Required work:
Please return every record exactly, with no pictures included.

[Collected data entries]
********
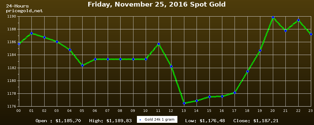On Friday, November 25, 2016, the gold price was $1,187.21 per ounce. The price of gold per gram is $38.17. Today's highest gold price was $1,189.83, while the lowest was $1,176.48.
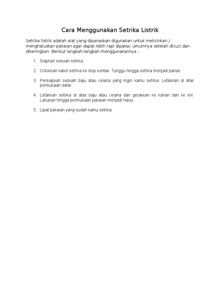 Teks Prosedur Cara Menggunakan Setrika Listrik - Terkait Teks
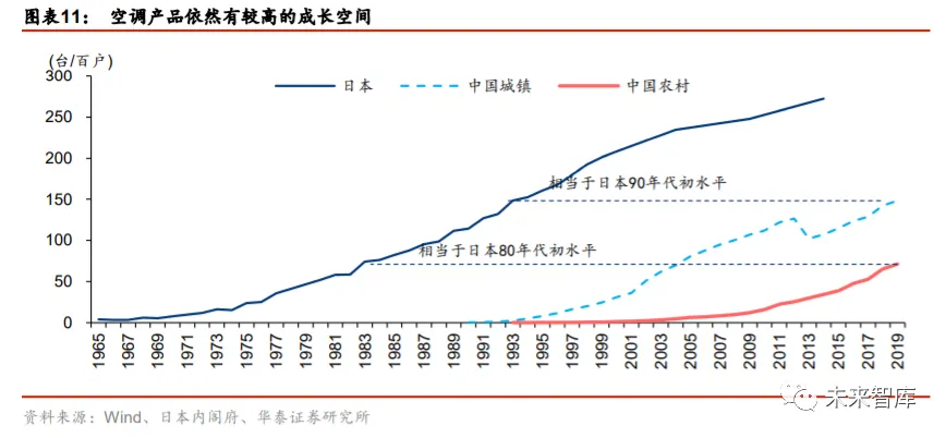 白电产品中,空调保有量仍具备提升空间。冰洗产品保有量在城镇或农村市场都已经进入 高位,未来以更新替代为主,产品升级将主导冰洗产品的发展,在品牌、功能、渠道等方 面拥有优势的企业,更有望挤占更多份额,扩大领先优势。空调产品保有量绝对水平虽较 高,但是对比海外市场,空调保有量增长空间显著,偏双寡头竞争的格局下,空调依然有 望保持较高增速。
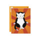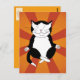 A tuxedo kitty in pencil sits meditating in a cross-legged pose on this postcard. The black and white cat’s paw pads and nose leather are pink. His expression is one of total peace and contentment. Shining from behind him is a background of alternating orange and yellow gradient rays. Perfect for any practitioner of yoga who is also a cat lover. From my original digitally created image.
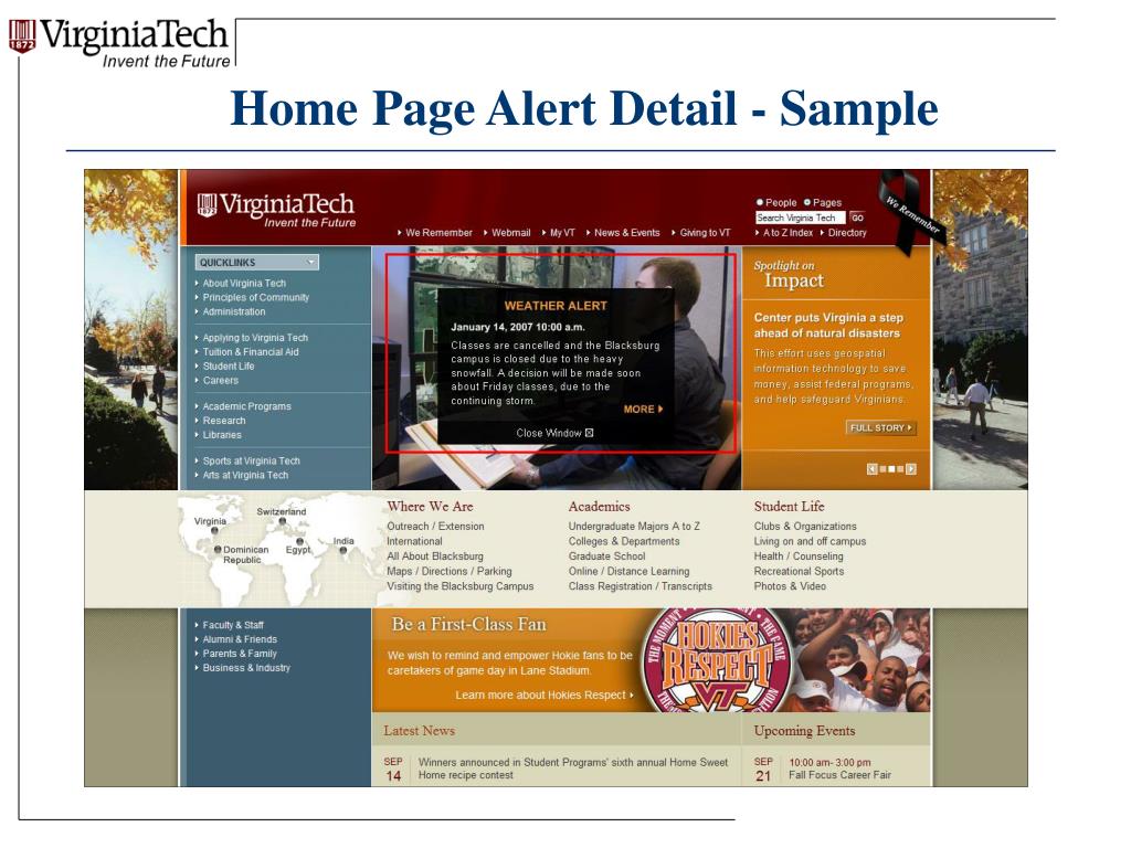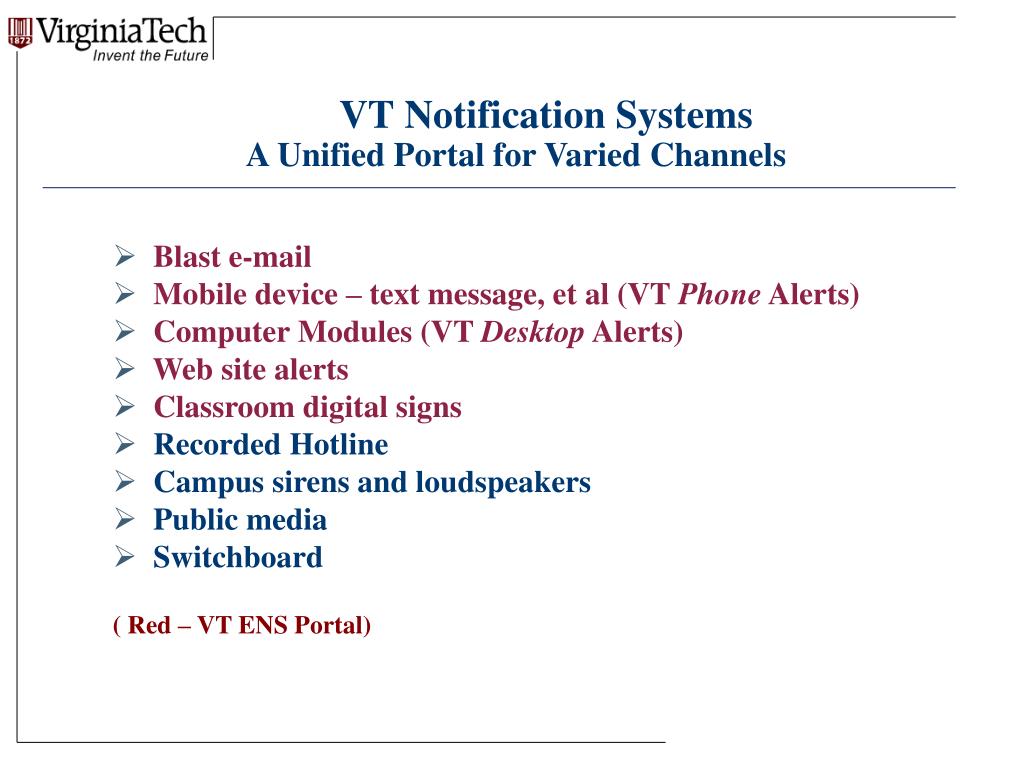 A Unified Portal for Varied Channels VT Notification Systems • Blast e-mail • Mobile device – text message, et al (VT Phone Alerts) • Computer Modules (VT Desktop Alerts) • Web site alerts • Classroom digital signs • Recorded Hotline • Campus sirens and loudspeakers • Public media • Switchboard ( Red – VT ENS Portal)
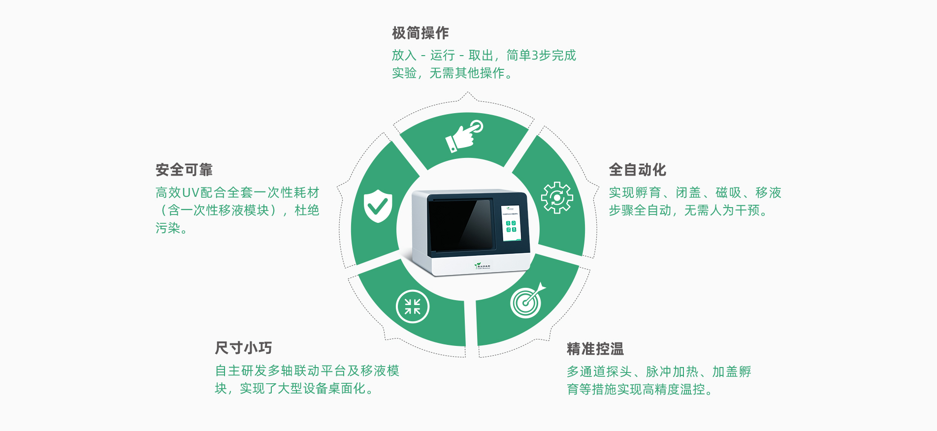 全自動核酸提取儀H24采用了自主研發(fā)的移液模塊、孵育模塊,通過磁珠法全自動實現(xiàn)大體積復雜樣本基因組DNA的提取、富集、轉化、純化過程,解決了復雜樣本高質量核酸自動化提取轉化難題。設備采用多軸聯(lián)動的自動化平臺,配合獨創(chuàng)的移液模塊,極大地縮小了移液平臺尺寸,同時提高了設備運轉效率。
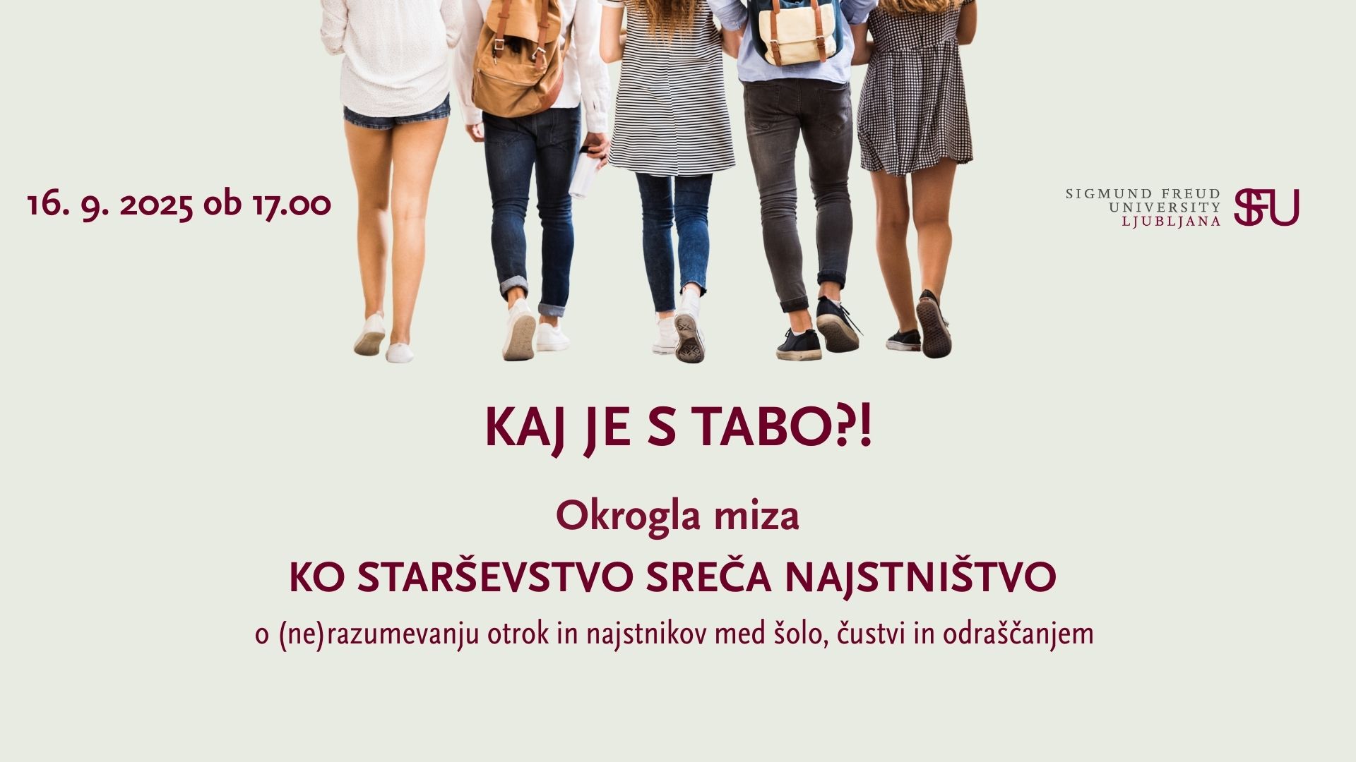 V seriji dogodkov na temo duševnega zdravja Kaj je s tabo?! vas v septembru ponovno vabimo na okroglo mizo, tokrat z naslovom Ko starševtsvo sreča najstništvo: o (ne)razumevanju otrok in najstnikov med šolo, čustvi in odraščanjem. Na dogodku bomo skupaj z vrhunskimi strokovnjaki odpirali vprašanja, ki jih prinašajo šola, razvojne spremembe in odnosi v družini. Pogovarjali se bomo o tem, kako graditi zaupanje, spodbujati notranjo motivacijo ter prepoznavati otrokove čustvene potrebe, tudi takrat, ko jih otrok sam ne zna ubesediti.
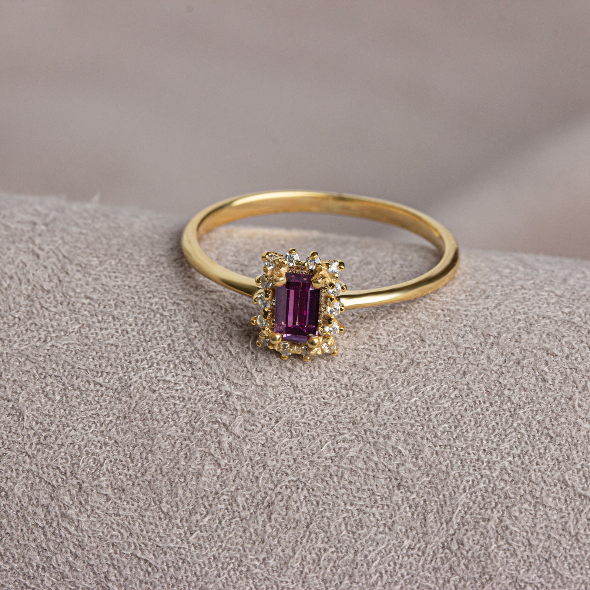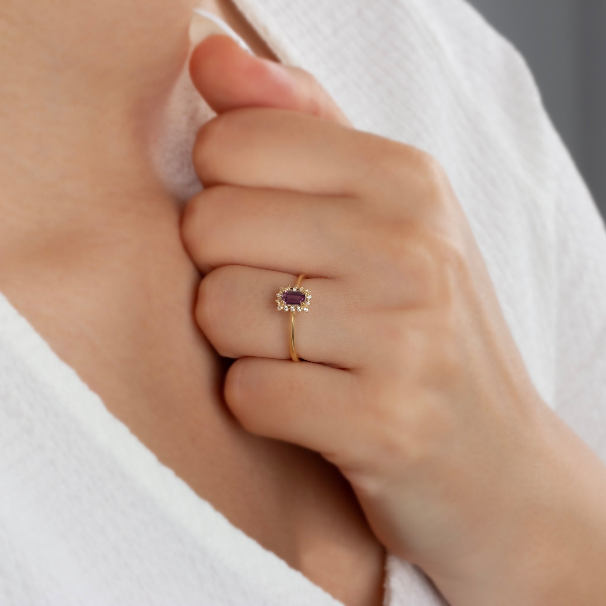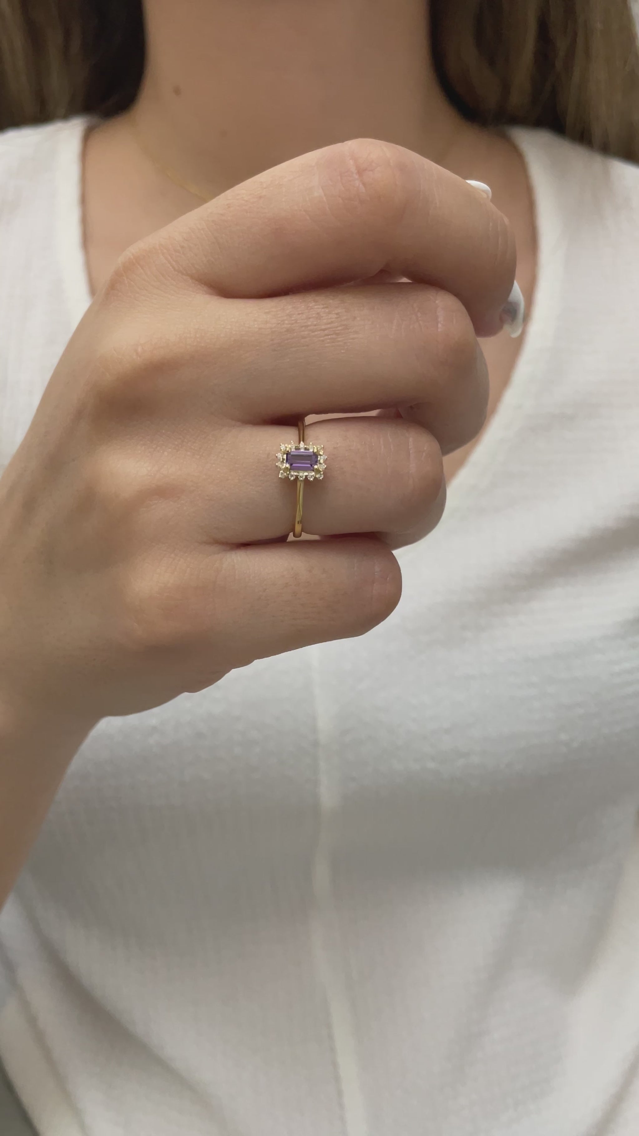 Our rectangular amethyst stone ring surrounded by real diamonds will add elegance to your hands. It is a ring that you can use both on special occasions and in daily life. It is a beautiful and stylish product that you can gift to yourself and your loved ones.
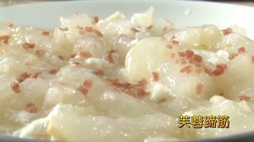 芙蓉蹄筋 貴州 ? 畢節(jié) ? 黔西 芙蓉蹄筋 芙蓉蹄筋咸、鮮味并存,屬餐桌之上品,在本地區(qū)較為流行。 配方:主料—油發(fā)蹄筋250克,雞蛋清3個(gè),雞脯肉200克。輔料—胡椒0.2克,精鹽5克,雞精0.5克。 制作工藝:將雞脯剁成雞糝 ,放入雞湯解散,放入蹄筋,加鹽、雞精、胡椒,凈鍋上火,下入色拉油至三成熟時(shí),下入攪拌好的雞糝蹄筋炒制變色即成。 贊 (0) 39 151 生成海報(bào) 麻花炒羔蟹 下一篇 0001-01-01 百花釀雪魚 上一篇 0001-01-01 相關(guān)推薦
********
Solved exercise:
On Friday, November 25, 2016, the gold price was $1,187.21 per ounce. The price of gold per gram is $38.17. Today's highest gold price was $1,189.83, while the lowest was $1,176.48.
 Teks Prosedur Cara Menggunakan Setrika Listrik - Terkait Teks
 白电产品中,空调保有量仍具备提升空间。冰洗产品保有量在城镇或农村市场都已经进入 高位,未来以更新替代为主,产品升级将主导冰洗产品的发展,在品牌、功能、渠道等方 面拥有优势的企业,更有望挤占更多份额,扩大领先优势。空调产品保有量绝对水平虽较 高,但是对比海外市场,空调保有量增长空间显著,偏双寡头竞争的格局下,空调依然有 望保持较高增速。
 A tuxedo kitty in pencil sits meditating in a cross-legged pose on this postcard. The black and white cat’s paw pads and nose leather are pink. His expression is one of total peace and contentment. Shining from behind him is a background of alternating orange and yellow gradient rays. Perfect for any practitioner of yoga who is also a cat lover. From my original digitally created image.
 A Unified Portal for Varied Channels VT Notification Systems • Blast e-mail • Mobile device – text message, et al (VT Phone Alerts) • Computer Modules (VT Desktop Alerts) • Web site alerts • Classroom digital signs • Recorded Hotline • Campus sirens and loudspeakers • Public media • Switchboard ( Red – VT ENS Portal)
 全自動核酸提取儀H24采用了自主研發(fā)的移液模塊、孵育模塊,通過磁珠法全自動實現(xiàn)大體積復雜樣本基因組DNA的提取、富集、轉化、純化過程,解決了復雜樣本高質量核酸自動化提取轉化難題。設備采用多軸聯(lián)動的自動化平臺,配合獨創(chuàng)的移液模塊,極大地縮小了移液平臺尺寸,同時提高了設備運轉效率。
 V seriji dogodkov na temo duševnega zdravja Kaj je s tabo?! vas v septembru ponovno vabimo na okroglo mizo, tokrat z naslovom Ko starševtsvo sreča najstništvo: o (ne)razumevanju otrok in najstnikov med šolo, čustvi in odraščanjem. Na dogodku bomo skupaj z vrhunskimi strokovnjaki odpirali vprašanja, ki jih prinašajo šola, razvojne spremembe in odnosi v družini. Pogovarjali se bomo o tem, kako graditi zaupanje, spodbujati notranjo motivacijo ter prepoznavati otrokove čustvene potrebe, tudi takrat, ko jih otrok sam ne zna ubesediti.
 Our rectangular amethyst stone ring surrounded by real diamonds will add elegance to your hands. It is a ring that you can use both on special occasions and in daily life. It is a beautiful and stylish product that you can gift to yourself and your loved ones.
 芙蓉蹄筋 貴州 ? 畢節(jié) ? 黔西 芙蓉蹄筋 芙蓉蹄筋咸、鮮味并存,屬餐桌之上品,在本地區(qū)較為流行。 配方:主料—油發(fā)蹄筋250克,雞蛋清3個(gè),雞脯肉200克。輔料—胡椒0.2克,精鹽5克,雞精0.5克。 制作工藝:將雞脯剁成雞糝 ,放入雞湯解散,放入蹄筋,加鹽、雞精、胡椒,凈鍋上火,下入色拉油至三成熟時(shí),下入攪拌好的雞糝蹄筋炒制變色即成。 贊 (0) 39 151 生成海報(bào) 麻花炒羔蟹 下一篇 0001-01-01 百花釀雪魚 上一篇 0001-01-01 相關(guān)推薦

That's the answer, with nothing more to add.